-- Input follows --

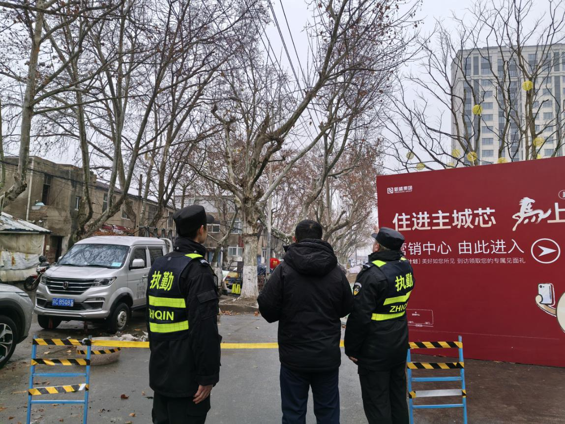 2026年1月25日上午11时40分,徐州市保安服务有限公司驻新盛畅和园小区的保安员佟宏阳、经成成在执行日常安全巡逻。当行至小区西门外津浦东路的法桐树区域时,两人并未因严寒和积雪放松警惕。近日的一场大雪使树木承重变形、枝叶湿漉,他们格外关注沿线情况。
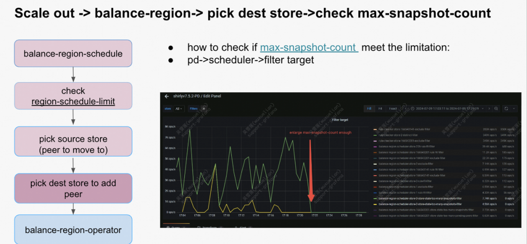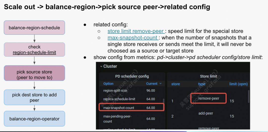 store limit add-peer ( https://docs.pingcap.com/tidb/stable/configure-store-limit#principles-of-store-limit-v2 ) : speed limit for the special store max-snapshot-count ( https://docs.pingcap.com/tidb/stable/pd-configuration-file#max-snapshot-count ) : when the number of snapshots that a single store receives or sends meet the limit, it will never be chosen as a source or target store max-pending-peer-count ( https://docs.pingcap.com/tidb/stable/pd-configuration-file#max-pending-peer-count ): control the maximum number of pending peers in a single store. Metrics 中查看配置项(同 source store 配置项查看):pd->cluster->pd scheduler config/store limit 查看目标节点配置项是否遇到瓶颈:pd->schedule -> filter target -> balance-regionXXX-{config}-filter
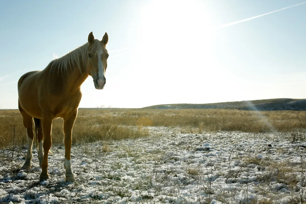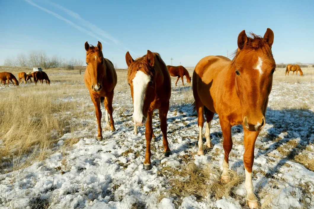 Солнце — к закату, значит, кобылам и жеребятам, которые пасутся отдельно, пора возвращаться на конезавод. Первым возвращается молодняк. Кроме табунщика жеребцов ведут две кобылы-няньки. Под их чутким руководством сначала лошадки идут на водопой, а потом к заготовленным заранее лоткам с зерном и отрубями. Все-таки зимой в степи до отвала не наешься.
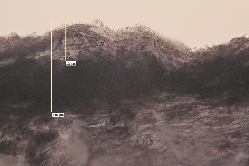 Man kann verschleimte Hüte von Frischpilzen tiefkühlen und in diesem Zustand manuell oder mit dem Mikrotom sauber schneiden. Bild 9 zeigt das Ergebnis eines manuellen Schnittes mit Rasierklinge unter dem Stemi. Es ist erkennbar, dass die Schleimschicht etwa doppelt dick gegenüber den Schnitten vom Exsikkat ausfällt, und die Hyphen verlaufen beim "Gefrierschnitt" weniger flach: (Ixotrichoderm):
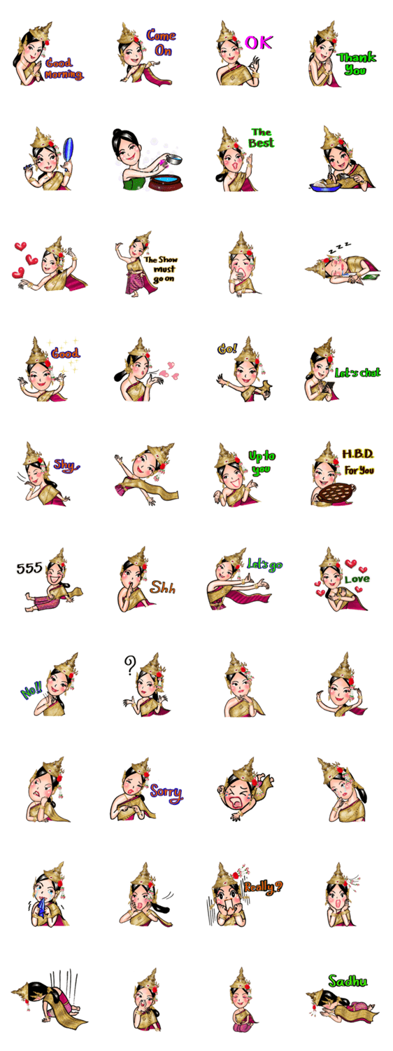 | スタンプ説明 | Miss Samornsri is a lively, cheerful and has a sense of humor. Now, she is in Thai traditional dress and ready to full fill the chat with colourful for you... |
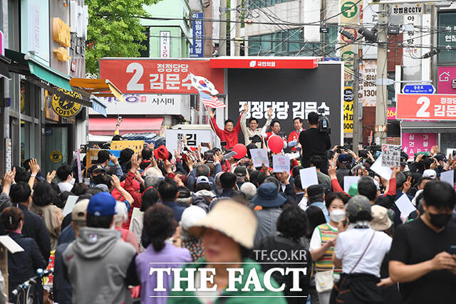 [더팩트ㅣ임영무 기자] 김문수 국민의힘 대선 후보가 20일 오후 서울 강서구 남부골목시장 입구를 찾아 시민들의 지지를 호소하고 있다.
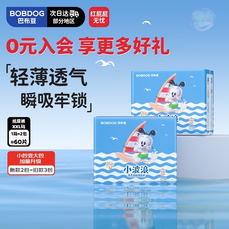 自营巴布豆(BOBDOG)小波浪薄柔亲肤纸尿裤XXL60片(15KG以上)大码婴儿尿不湿柔软透气
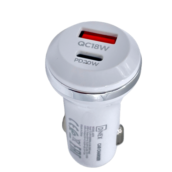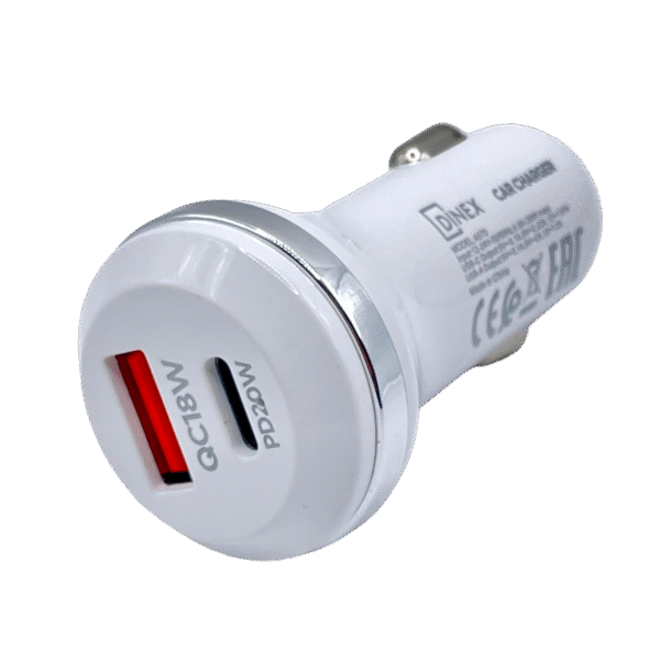 Le Dinex A570 est un chargeur de voiture intelligent et puissant qui combine élégance, performance et sécurité. Équipé de deux ports de sortie — un USB-C (PD 20W) et un USB-A (QC 18W) — il offre une puissance totale de 38W, permettant de recharger rapidement deux appareils simultanément.
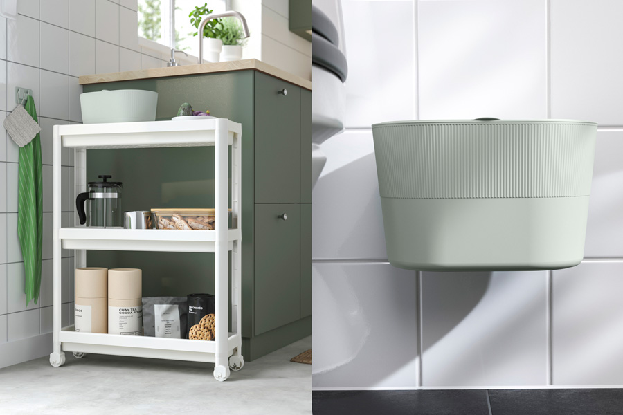 KINNASJÖ waste bin is a smart choice for your home. It can be hang on the wall to free up floor space, making it a convenient solution for collecting kitchen waste. It can also be placed freestanding on the bathroom floor or on a kitchen worktop. The included lid hides the waste and is removable for easy cleaning.
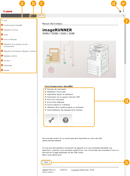 Elle s'affiche lorsque le Manuel électronique est lancé.
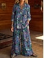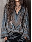 نسائي قميص قميص غير رسمي زخرفات عتيق أنيق كلاسيكي كم طويل V رقبة قمصان عادية مناسب للبس اليومي مناسب للعطلات مناسب للخارج أزرق الربيع الخريف
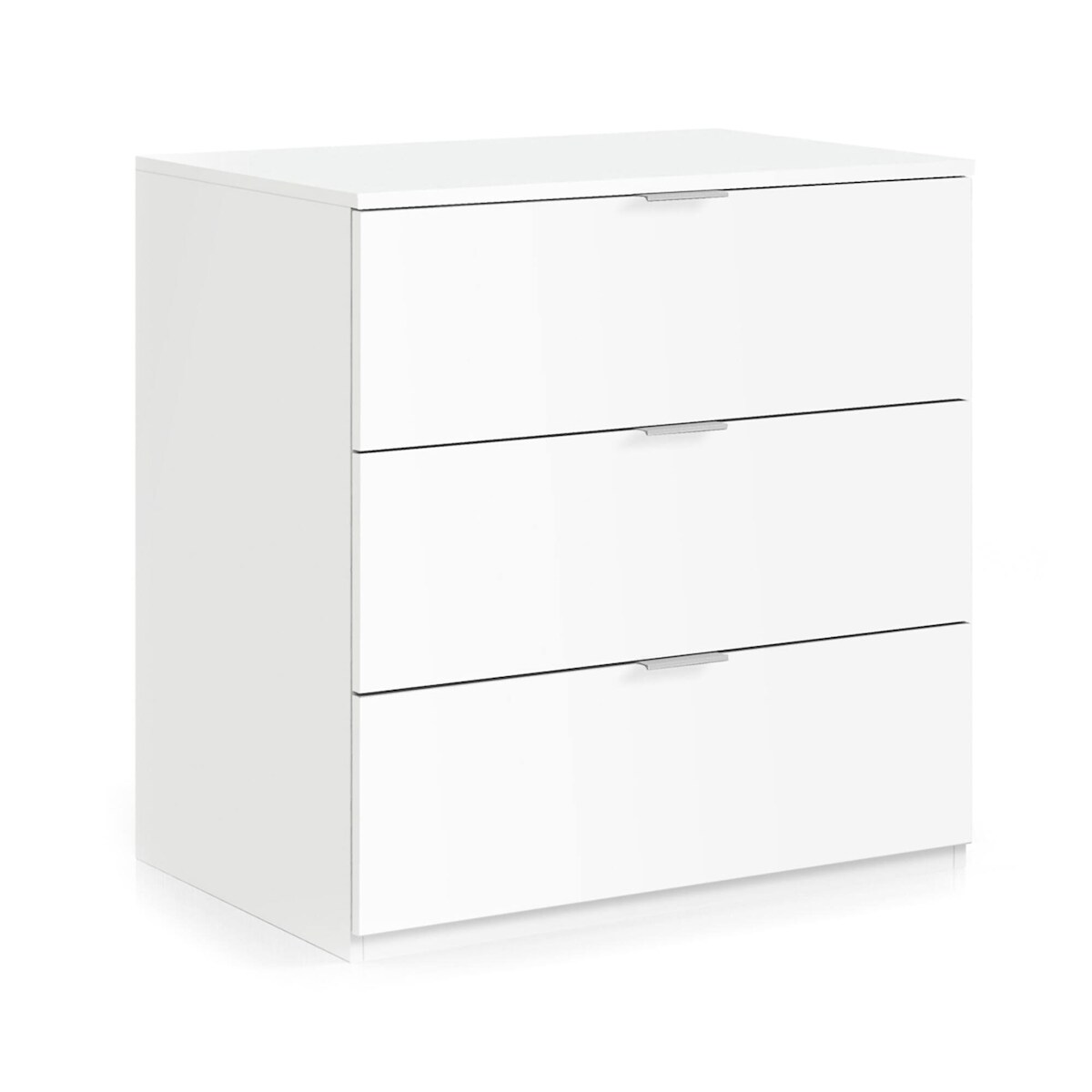 Dmora Schubladenblock Bridgeport, Moderne Kommode mit 3 Schubladen, Niedrige Kommode für Schlafzimmer, Mobil wöchentlich, 77x38h80 cm, Weiß
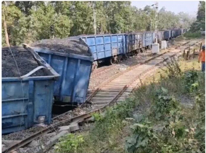 Pendra // छत्तीसगढ़ के गौरेला-पेंड्रा-मरवाही जिले में मंगलवार को कोयला लोड मालगाड़ी डिरेल हो गई। इंजन सहित 23 डिब्बे पटरी से उतरकर पलट गए। मालगाड़ी बिलासपुर की ओर जा रही थी, तभी भनवारटंक रेलवे स्टेशन के पास हादसा हो गया।
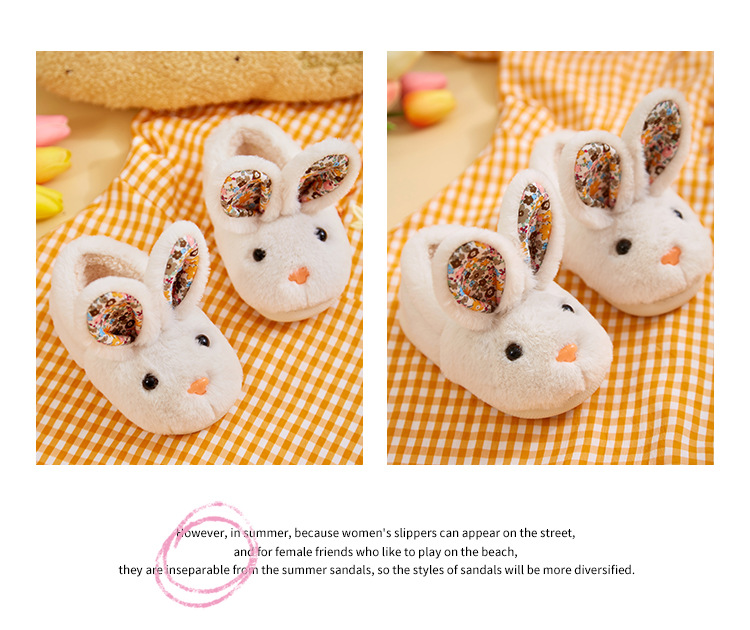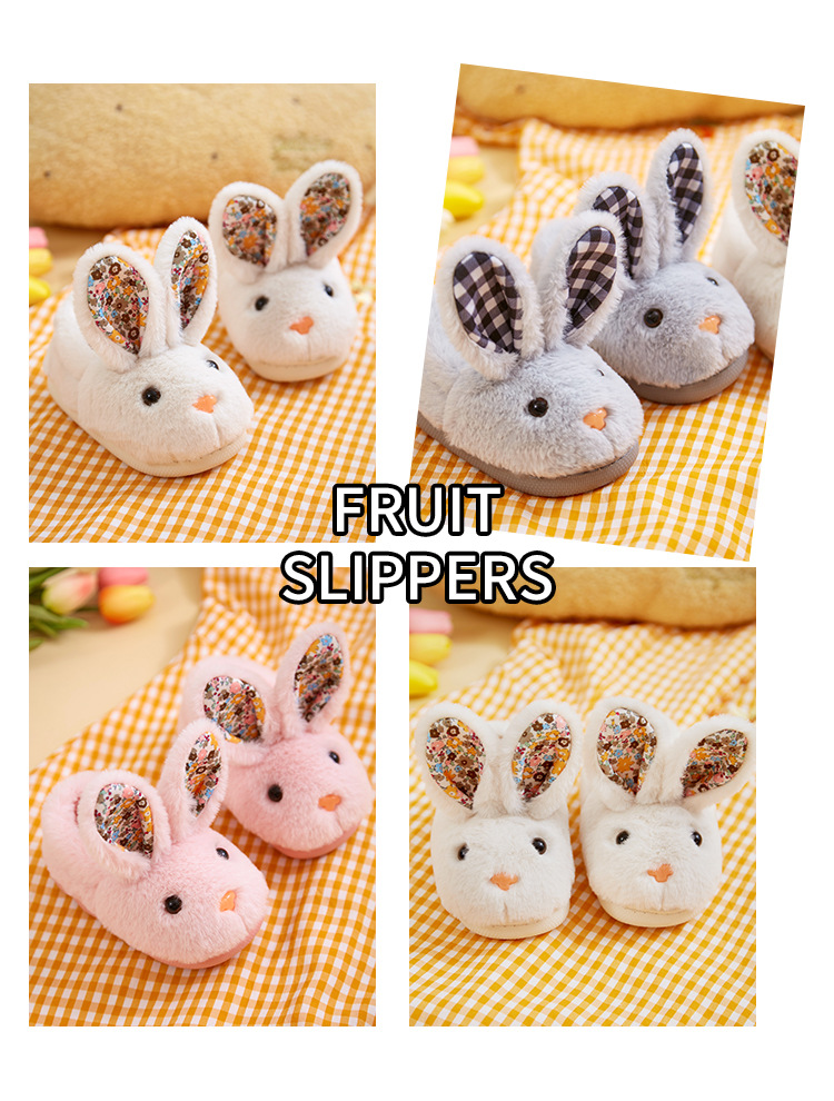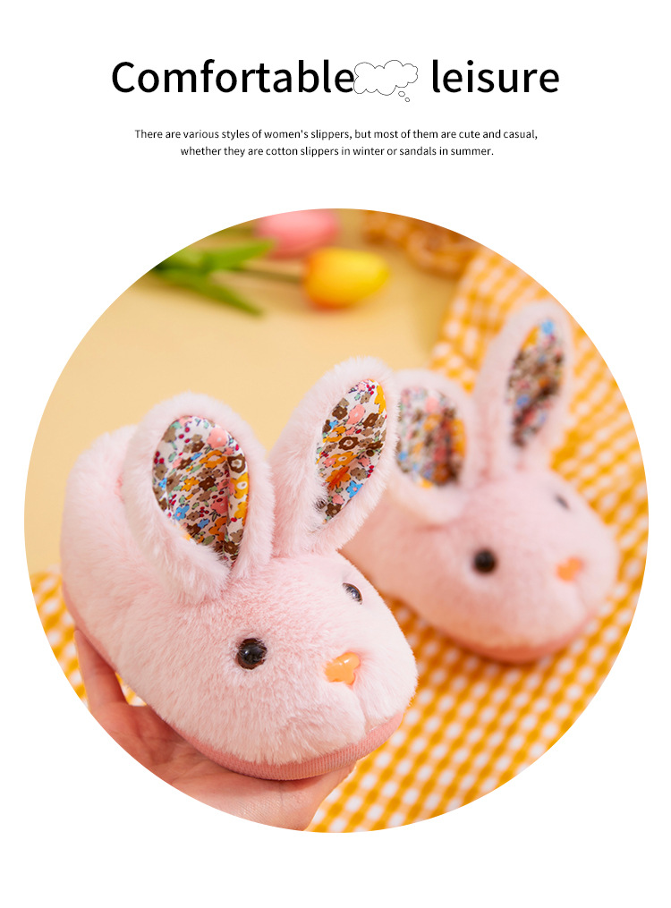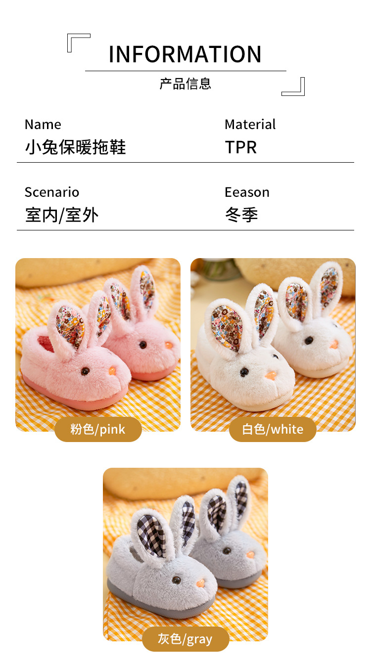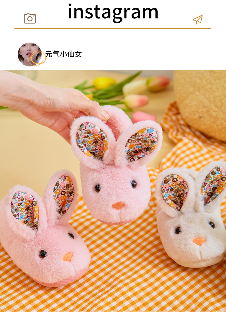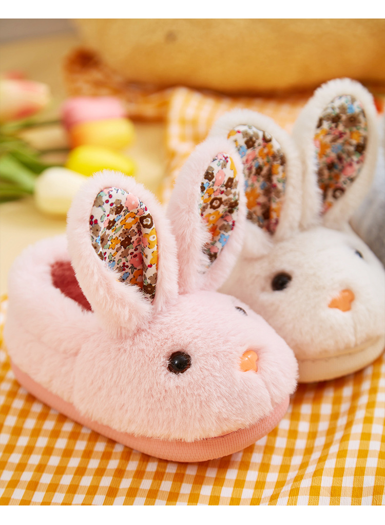 【可爱卡通小兔子棉拖鞋】儿童秋冬季女童男童宝宝包跟小孩棉鞋保暖家居室内毛毛拖鞋

-- Input concluded --

All records above must be copied exactly, though the pictures they hold are to be left out.

 2026年1月25日上午11时40分,徐州市保安服务有限公司驻新盛畅和园小区的保安员佟宏阳、经成成在执行日常安全巡逻。当行至小区西门外津浦东路的法桐树区域时,两人并未因严寒和积雪放松警惕。近日的一场大雪使树木承重变形、枝叶湿漉,他们格外关注沿线情况。
 store limit add-peer ( https://docs.pingcap.com/tidb/stable/configure-store-limit#principles-of-store-limit-v2 ) : speed limit for the special store max-snapshot-count ( https://docs.pingcap.com/tidb/stable/pd-configuration-file#max-snapshot-count ) : when the number of snapshots that a single store receives or sends meet the limit, it will never be chosen as a source or target store max-pending-peer-count ( https://docs.pingcap.com/tidb/stable/pd-configuration-file#max-pending-peer-count ): control the maximum number of pending peers in a single store. Metrics 中查看配置项(同 source store 配置项查看):pd->cluster->pd scheduler config/store limit 查看目标节点配置项是否遇到瓶颈:pd->schedule -> filter target -> balance-regionXXX-{config}-filter
 Солнце — к закату, значит, кобылам и жеребятам, которые пасутся отдельно, пора возвращаться на конезавод. Первым возвращается молодняк. Кроме табунщика жеребцов ведут две кобылы-няньки. Под их чутким руководством сначала лошадки идут на водопой, а потом к заготовленным заранее лоткам с зерном и отрубями. Все-таки зимой в степи до отвала не наешься.
 Man kann verschleimte Hüte von Frischpilzen tiefkühlen und in diesem Zustand manuell oder mit dem Mikrotom sauber schneiden. Bild 9 zeigt das Ergebnis eines manuellen Schnittes mit Rasierklinge unter dem Stemi. Es ist erkennbar, dass die Schleimschicht etwa doppelt dick gegenüber den Schnitten vom Exsikkat ausfällt, und die Hyphen verlaufen beim "Gefrierschnitt" weniger flach: (Ixotrichoderm):
 | スタンプ説明 | Miss Samornsri is a lively, cheerful and has a sense of humor. Now, she is in Thai traditional dress and ready to full fill the chat with colourful for you... |
 [더팩트ㅣ임영무 기자] 김문수 국민의힘 대선 후보가 20일 오후 서울 강서구 남부골목시장 입구를 찾아 시민들의 지지를 호소하고 있다.
 自营巴布豆(BOBDOG)小波浪薄柔亲肤纸尿裤XXL60片(15KG以上)大码婴儿尿不湿柔软透气
 Le Dinex A570 est un chargeur de voiture intelligent et puissant qui combine élégance, performance et sécurité. Équipé de deux ports de sortie — un USB-C (PD 20W) et un USB-A (QC 18W) — il offre une puissance totale de 38W, permettant de recharger rapidement deux appareils simultanément.
 KINNASJÖ waste bin is a smart choice for your home. It can be hang on the wall to free up floor space, making it a convenient solution for collecting kitchen waste. It can also be placed freestanding on the bathroom floor or on a kitchen worktop. The included lid hides the waste and is removable for easy cleaning.
 Elle s'affiche lorsque le Manuel électronique est lancé.
 نسائي قميص قميص غير رسمي زخرفات عتيق أنيق كلاسيكي كم طويل V رقبة قمصان عادية مناسب للبس اليومي مناسب للعطلات مناسب للخارج أزرق الربيع الخريف
 Dmora Schubladenblock Bridgeport, Moderne Kommode mit 3 Schubladen, Niedrige Kommode für Schlafzimmer, Mobil wöchentlich, 77x38h80 cm, Weiß
 Pendra // छत्तीसगढ़ के गौरेला-पेंड्रा-मरवाही जिले में मंगलवार को कोयला लोड मालगाड़ी डिरेल हो गई। इंजन सहित 23 डिब्बे पटरी से उतरकर पलट गए। मालगाड़ी बिलासपुर की ओर जा रही थी, तभी भनवारटंक रेलवे स्टेशन के पास हादसा हो गया।
 【可爱卡通小兔子棉拖鞋】儿童秋冬季女童男童宝宝包跟小孩棉鞋保暖家居室内毛毛拖鞋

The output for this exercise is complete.